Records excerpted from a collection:
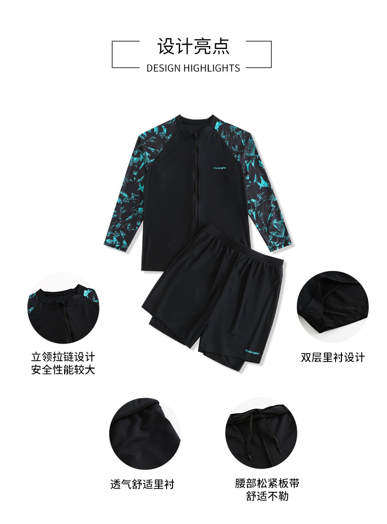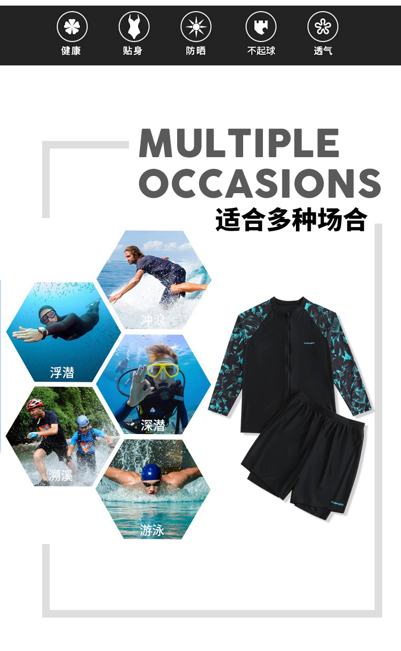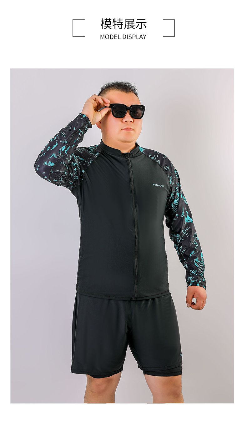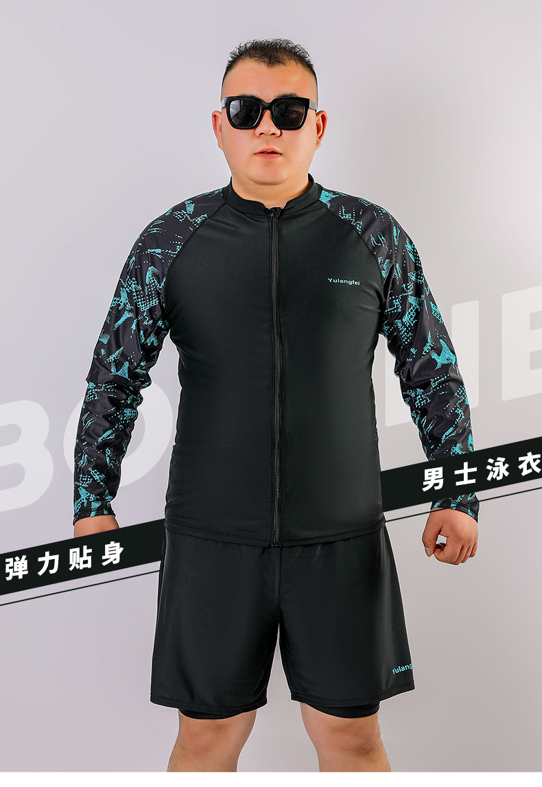 スプリット長袖日焼け止めサーフィン水着メンズプラスファット温泉休暇大人 175kg 特大水着
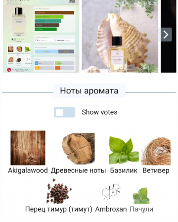Композиция аромата включает ноты: Тайский базилик, Сычуаньский перец из Непала, Гаитянский ветивер, Georgywood, Petalia, Пачули из Индонезии, Akigalawood и Ambrofix.
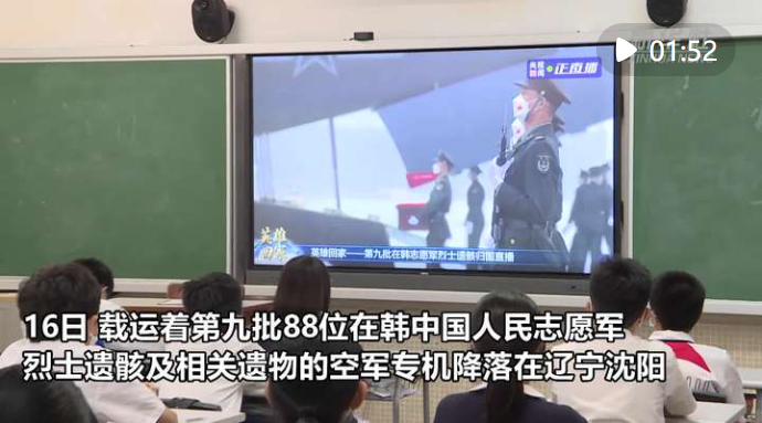 16日中午,载运着第九批88位在韩中国人民志愿军烈士遗骸及相关遗物的空军专机降落在辽宁沈阳。香港培侨中学当天组织收看这场别具意义的现场直播。
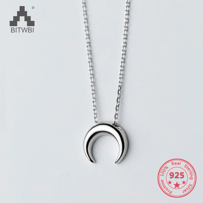 Лидер продаж 100% 925 пробы серебро в Корейском стиле Простые Мода Подвеска полумесяц колье до ключиц Цепочки и ожерелья украшения для Для женщ...
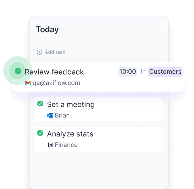 Akiflow is designed around a simple belief: you know your work better than any algorithm. AI should reduce friction, not replace judgment.
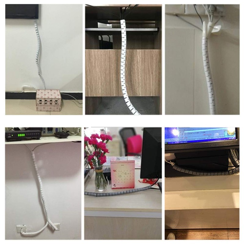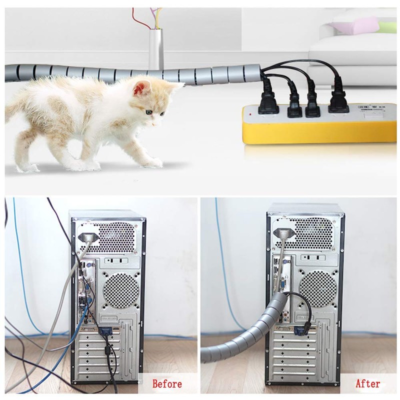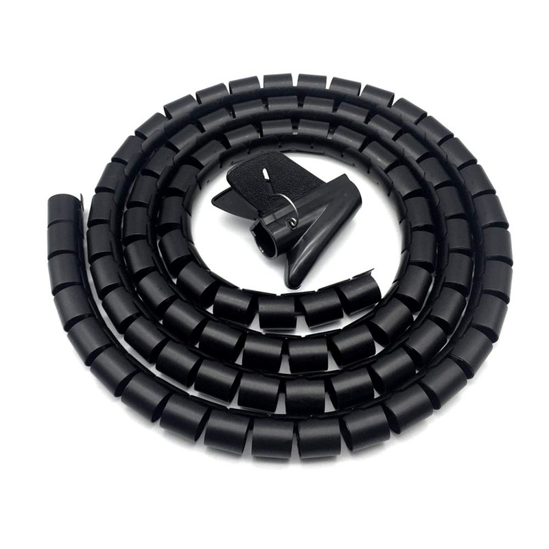 BuxiuGK Universal Cable Tube 28 mm x 2 m Plastic Flexible Cable Organisation with Retractable Aid for Bundling Cables for Computers, TVs, Black
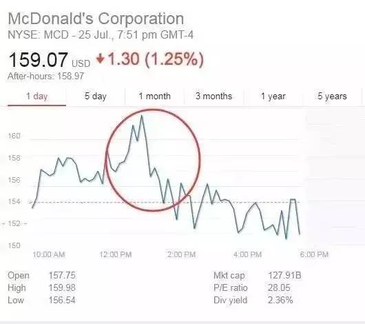 看看,消息就是快,據此,傳言麥當勞股價大跌,并且弄出了個麥當勞股價走勢圖,很像模像樣的;
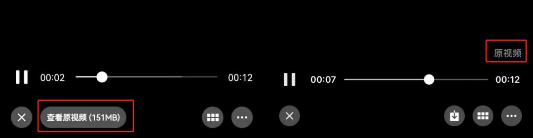 视频发送完成后,当对方点开视频播放,左下角还会有“查看原视频”的提示,而加载完成后播放还会在右下角显示该视频为“原视频”。
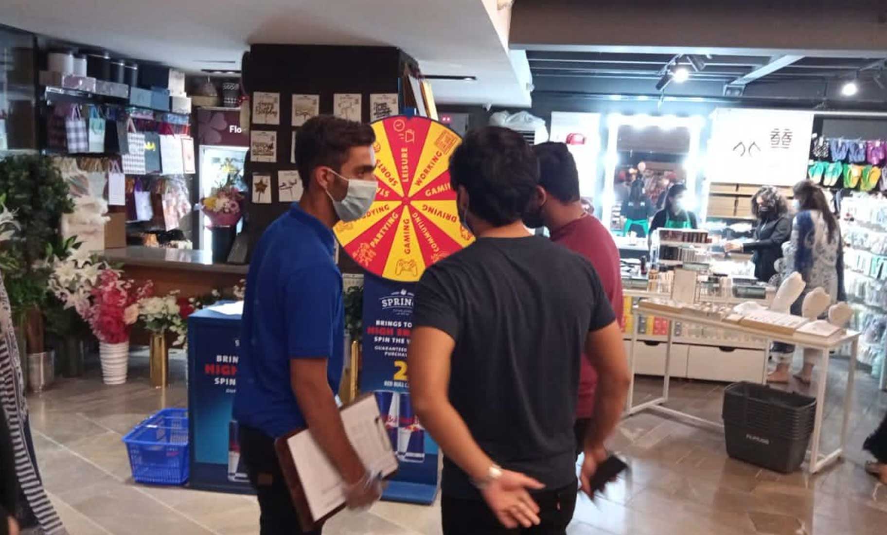 In-store activation was initiated in 26 stores all across Pakistan. The activity was based on equity building for Red bull Racing, where the consumer got to experience the real feel of a pit-stop through a game.
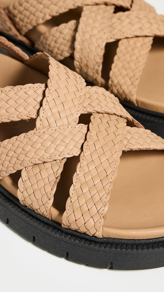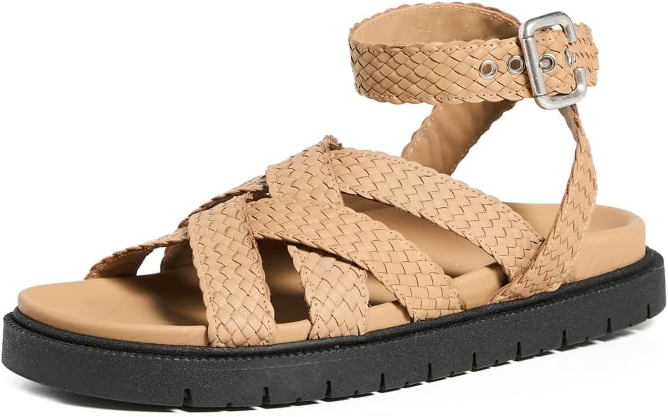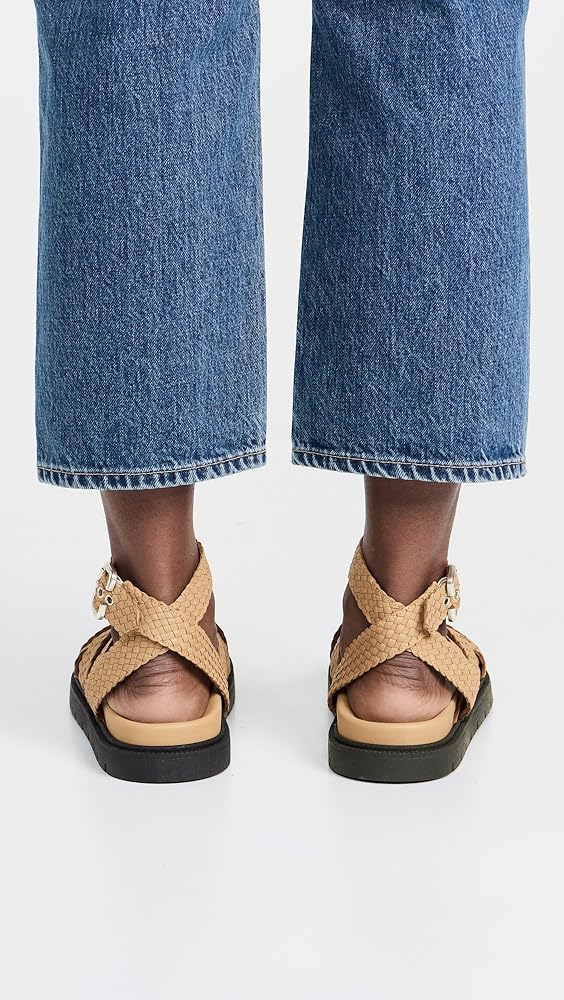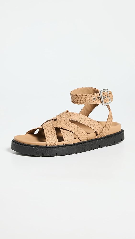 - Crisscross straps , Padded leather footbed, Buckle ankle strap
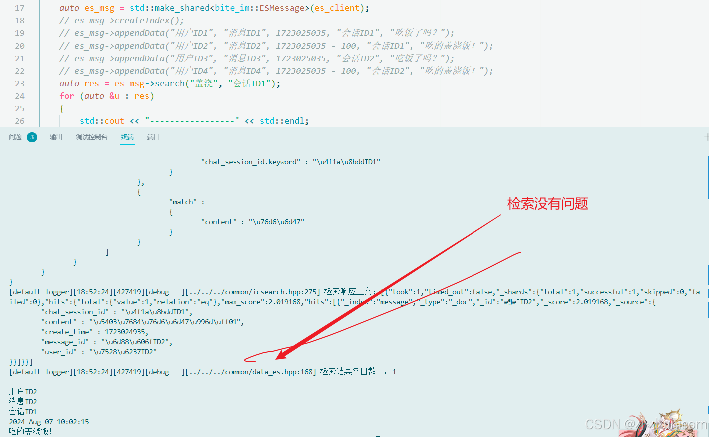 std::cout << "----------------------关键字搜索消息---------------------------\n";
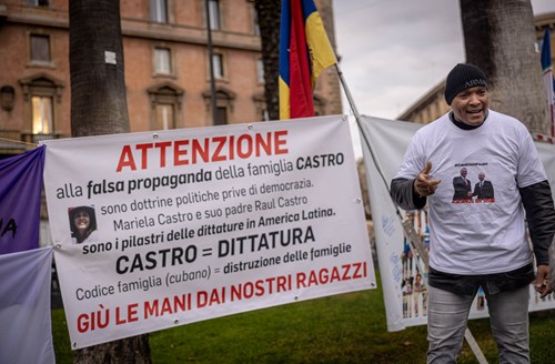 “Attenzione alla falsa propaganda della famiglia Castro: sono dottrine politiche prive di democrazia”. Questo è uno degli striscioni esposti ieri in piazza Cavour, a Roma, per protestare contro la visita nel nostro Paese di Mariela Castro, nipote di Fidel e figlia di Raul. Una posizione, questa, manifestata da cittadini della comunità venezuelana, cubana e boliviana che si sono date appuntamento nella Capitale. Cinzia Pellegrino, coordinatore nazionale del dipartimento Tutela vittime di Fratelli d’Italia, ha detto insieme a e Maylin Barrera Rodriguez, portavoce del Movimento “Las guerreras”: “La figlia di Raul e nipote di Fidel, espressione di un regime dittatoriale, viene in un Paese europeo a parlare di diritti umani e ideologie libertarie, credendo in questo modo di nascondere le violazioni delle libertà e le violenze sulla popolazione perpetrate dal regime castrista. Saremo presenti in tutte le piazze d’Italia in cui la deputata Castro andrà a propagandare le sue false dottrine politiche, per ricordare quanto invece siano prive di democrazia e riconducibili ai pilastri ideologici delle dittature dell’America Latina”.
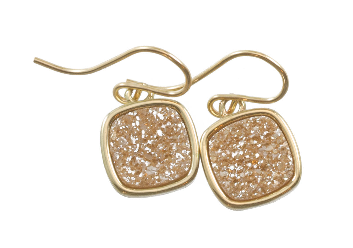 Silvery Druzy Earrings Teardrop 14k Solid Gold or Filled French Ear Wires Bezel Simple Drops sparkly drusy quartz Square Cut Dainty Bright
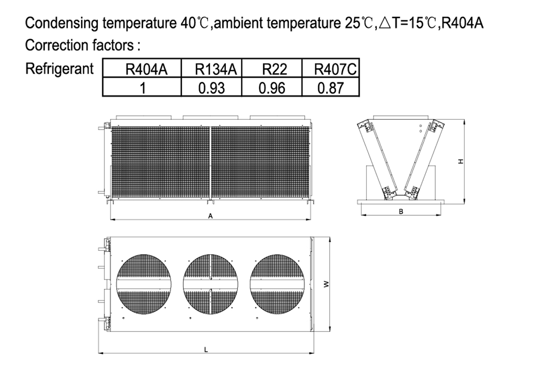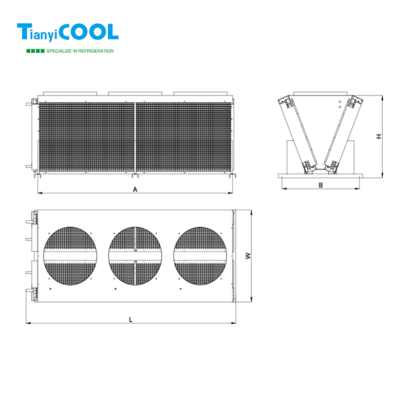 FNV series condenser adopts V-shaped structure design with top outlet air, which belongs to high-efficiency air-cooled condenser and is suitable for industrial refrigeration scenes such as large commercial cold storage, supermarket and logistics cold storage.
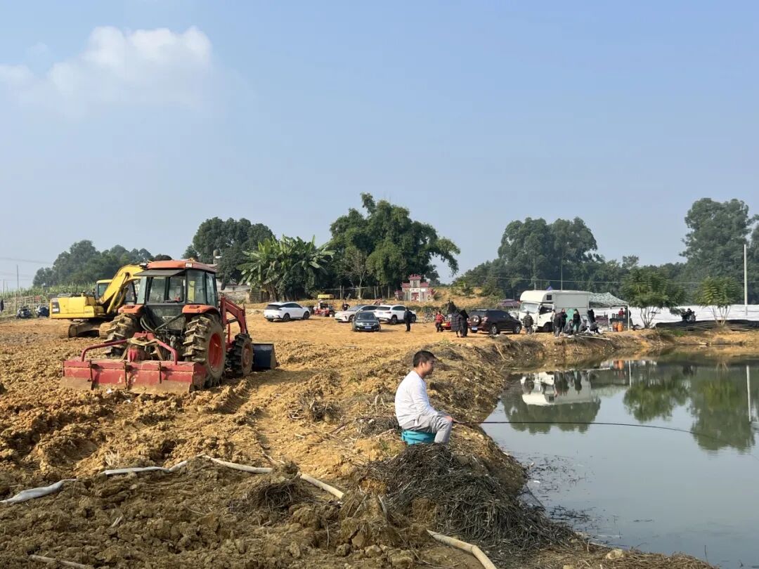 刚演完这场戏,还没走出鱼塘,一位大哥上前:“老板我加下你微信嘛,我们可以合作嘛,你看那片空地来的人可以坐着晒太阳、吃烧烤,我负责提供租借帐篷、桌椅。”
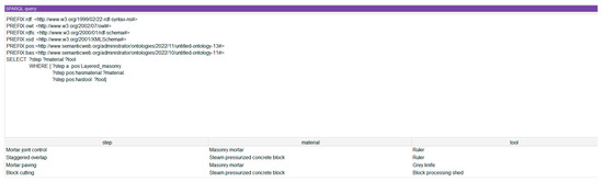 Compared with the aforementioned ontology rule reasoning and its application functions, the query statement is a practical function for users. Hence, the SPARQL query statement developed in this study was designed based on the actual requirements for knowledge retrieval and querying in the construction process knowledge. It encompassed the pertinent normative provisions, construction parameters, process flow, construction key points, quality control points, construction tools and construction materials relevant to the construction process and past experiences.
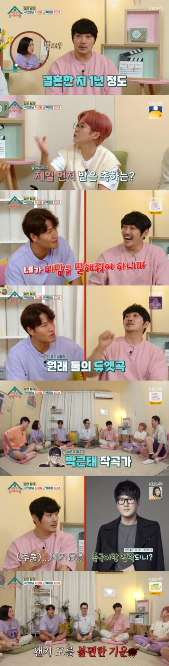 한편 송은이는 KCM에게 "KCM의 '듣고 싶을까' 노래가 김종국의 노래였다는 말이 있던데"라며 질문했다. 이에 김종국은 "원래는 듀엣곡이었다"라고 답해 이목을 끌었다. KCM은 과거 박근태 작곡가에게 전화를 받아 '종국이와 너와의 곡이다'라는 말을 전해 들었다고 알렸다. 이어 박근태 작곡가는 KCM에게 '종국이랑 연락되니?'라고 물었고 KCM은 '형은 안되세요?'라며 서로 김종국에게 연락을 하기 미뤘던 상황을 전했다. 한편 KCM은 "저도 종국이 형한테 전화를 할 때 편안한 마음이 들지는 않다. 알 수 없게 불편하다"라고 말해 웃음을 자아냈다.
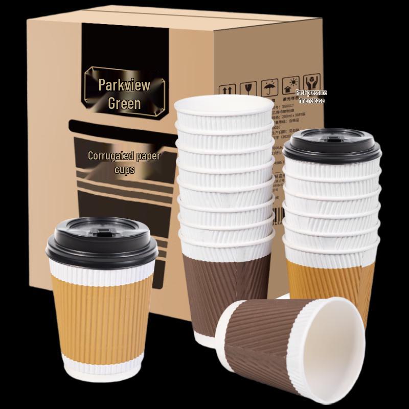 Fang Cao Di 280ml Disposable 3-Layer Corrugated Coffee Cups with Lids
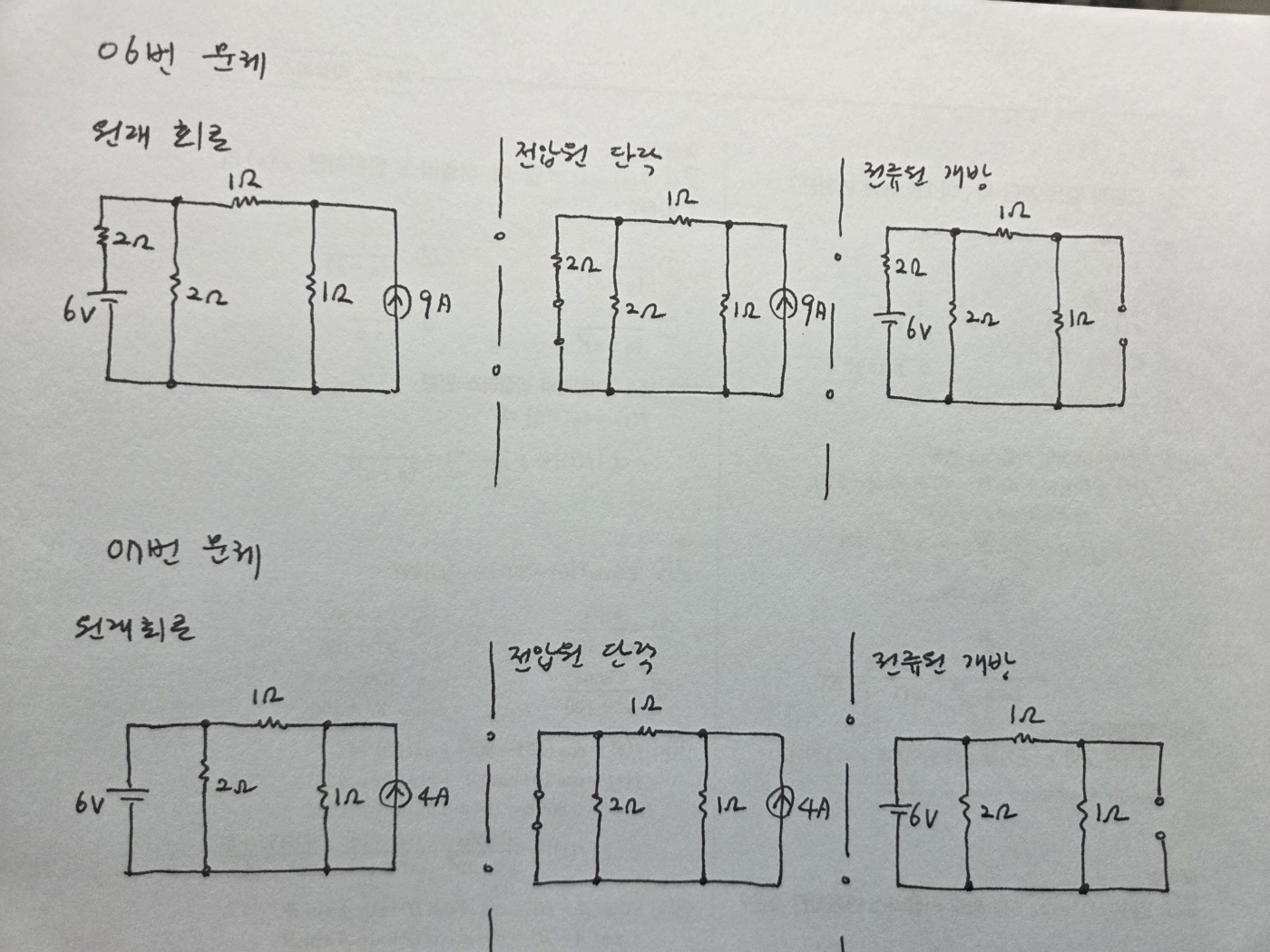 (전압원 단락, 전류원 개방 했을 때 전류의 흐름을 나타내는 그림을 볼 수 있을까요?)
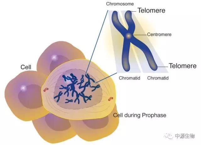端粒(Telomere)是染色体末端的DNA重复序列,作用是保持染色体的完整性和控制细胞分裂周期。 细胞分裂一次,由于DNA复制时的方向必须从5'方向到3'方向,DNA每次复制端粒就缩短一点。一旦端粒消耗殆尽,细胞将会立即启动凋亡机制,即细胞走向凋亡。
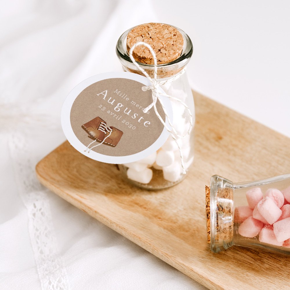 Utilisez ces étiquettes rondes pour peaufiner votre déco de table, pour personnaliser vos cadeaux invités... puis associez-les avec un joli ruban (au choix et en supplément) et le tour est joué !
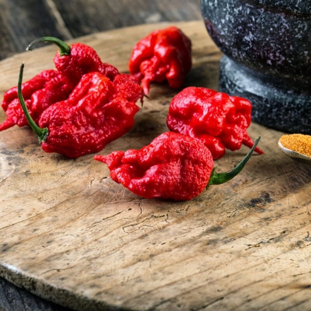 The Carolina Reaper is recognised as the spiciest chilli in the world. And as such, it should be handled and consumed with extreme caution. A chilli that is the reserve of the truly hardened chilli lover! But even if you're not a fan of extreme heat, cultivating this plant is a genuine delight and challenge for avid gardeners. Whether in raised beds or pots, the Carolina Reaper is a stunning addition to any garden, producing fiery red, uniquely wrinkled fruits that are a real conversation starter. Note: These chillies are not intended for fresh consumption - they are best enjoyed dried or processed into spice pastes.

Assigned task:
Restate it all word for word: every record, no pictures.

Answer section:
 スプリット長袖日焼け止めサーフィン水着メンズプラスファット温泉休暇大人 175kg 特大水着
Композиция аромата включает ноты: Тайский базилик, Сычуаньский перец из Непала, Гаитянский ветивер, Georgywood, Petalia, Пачули из Индонезии, Akigalawood и Ambrofix.
 16日中午,载运着第九批88位在韩中国人民志愿军烈士遗骸及相关遗物的空军专机降落在辽宁沈阳。香港培侨中学当天组织收看这场别具意义的现场直播。
 Лидер продаж 100% 925 пробы серебро в Корейском стиле Простые Мода Подвеска полумесяц колье до ключиц Цепочки и ожерелья украшения для Для женщ...
 Akiflow is designed around a simple belief: you know your work better than any algorithm. AI should reduce friction, not replace judgment.
 BuxiuGK Universal Cable Tube 28 mm x 2 m Plastic Flexible Cable Organisation with Retractable Aid for Bundling Cables for Computers, TVs, Black
 看看,消息就是快,據此,傳言麥當勞股價大跌,并且弄出了個麥當勞股價走勢圖,很像模像樣的;
 视频发送完成后,当对方点开视频播放,左下角还会有“查看原视频”的提示,而加载完成后播放还会在右下角显示该视频为“原视频”。
 In-store activation was initiated in 26 stores all across Pakistan. The activity was based on equity building for Red bull Racing, where the consumer got to experience the real feel of a pit-stop through a game.
 - Crisscross straps , Padded leather footbed, Buckle ankle strap
 std::cout << "----------------------关键字搜索消息---------------------------\n";
 “Attenzione alla falsa propaganda della famiglia Castro: sono dottrine politiche prive di democrazia”. Questo è uno degli striscioni esposti ieri in piazza Cavour, a Roma, per protestare contro la visita nel nostro Paese di Mariela Castro, nipote di Fidel e figlia di Raul. Una posizione, questa, manifestata da cittadini della comunità venezuelana, cubana e boliviana che si sono date appuntamento nella Capitale. Cinzia Pellegrino, coordinatore nazionale del dipartimento Tutela vittime di Fratelli d’Italia, ha detto insieme a e Maylin Barrera Rodriguez, portavoce del Movimento “Las guerreras”: “La figlia di Raul e nipote di Fidel, espressione di un regime dittatoriale, viene in un Paese europeo a parlare di diritti umani e ideologie libertarie, credendo in questo modo di nascondere le violazioni delle libertà e le violenze sulla popolazione perpetrate dal regime castrista. Saremo presenti in tutte le piazze d’Italia in cui la deputata Castro andrà a propagandare le sue false dottrine politiche, per ricordare quanto invece siano prive di democrazia e riconducibili ai pilastri ideologici delle dittature dell’America Latina”.
 Silvery Druzy Earrings Teardrop 14k Solid Gold or Filled French Ear Wires Bezel Simple Drops sparkly drusy quartz Square Cut Dainty Bright
 FNV series condenser adopts V-shaped structure design with top outlet air, which belongs to high-efficiency air-cooled condenser and is suitable for industrial refrigeration scenes such as large commercial cold storage, supermarket and logistics cold storage.
 刚演完这场戏,还没走出鱼塘,一位大哥上前:“老板我加下你微信嘛,我们可以合作嘛,你看那片空地来的人可以坐着晒太阳、吃烧烤,我负责提供租借帐篷、桌椅。”
 Compared with the aforementioned ontology rule reasoning and its application functions, the query statement is a practical function for users. Hence, the SPARQL query statement developed in this study was designed based on the actual requirements for knowledge retrieval and querying in the construction process knowledge. It encompassed the pertinent normative provisions, construction parameters, process flow, construction key points, quality control points, construction tools and construction materials relevant to the construction process and past experiences.
 한편 송은이는 KCM에게 "KCM의 '듣고 싶을까' 노래가 김종국의 노래였다는 말이 있던데"라며 질문했다. 이에 김종국은 "원래는 듀엣곡이었다"라고 답해 이목을 끌었다. KCM은 과거 박근태 작곡가에게 전화를 받아 '종국이와 너와의 곡이다'라는 말을 전해 들었다고 알렸다. 이어 박근태 작곡가는 KCM에게 '종국이랑 연락되니?'라고 물었고 KCM은 '형은 안되세요?'라며 서로 김종국에게 연락을 하기 미뤘던 상황을 전했다. 한편 KCM은 "저도 종국이 형한테 전화를 할 때 편안한 마음이 들지는 않다. 알 수 없게 불편하다"라고 말해 웃음을 자아냈다.
 Fang Cao Di 280ml Disposable 3-Layer Corrugated Coffee Cups with Lids
 (전압원 단락, 전류원 개방 했을 때 전류의 흐름을 나타내는 그림을 볼 수 있을까요?)
端粒(Telomere)是染色体末端的DNA重复序列,作用是保持染色体的完整性和控制细胞分裂周期。 细胞分裂一次,由于DNA复制时的方向必须从5'方向到3'方向,DNA每次复制端粒就缩短一点。一旦端粒消耗殆尽,细胞将会立即启动凋亡机制,即细胞走向凋亡。
 Utilisez ces étiquettes rondes pour peaufiner votre déco de table, pour personnaliser vos cadeaux invités... puis associez-les avec un joli ruban (au choix et en supplément) et le tour est joué !
 The Carolina Reaper is recognised as the spiciest chilli in the world. And as such, it should be handled and consumed with extreme caution. A chilli that is the reserve of the truly hardened chilli lover! But even if you're not a fan of extreme heat, cultivating this plant is a genuine delight and challenge for avid gardeners. Whether in raised beds or pots, the Carolina Reaper is a stunning addition to any garden, producing fiery red, uniquely wrinkled fruits that are a real conversation starter. Note: These chillies are not intended for fresh consumption - they are best enjoyed dried or processed into spice pastes.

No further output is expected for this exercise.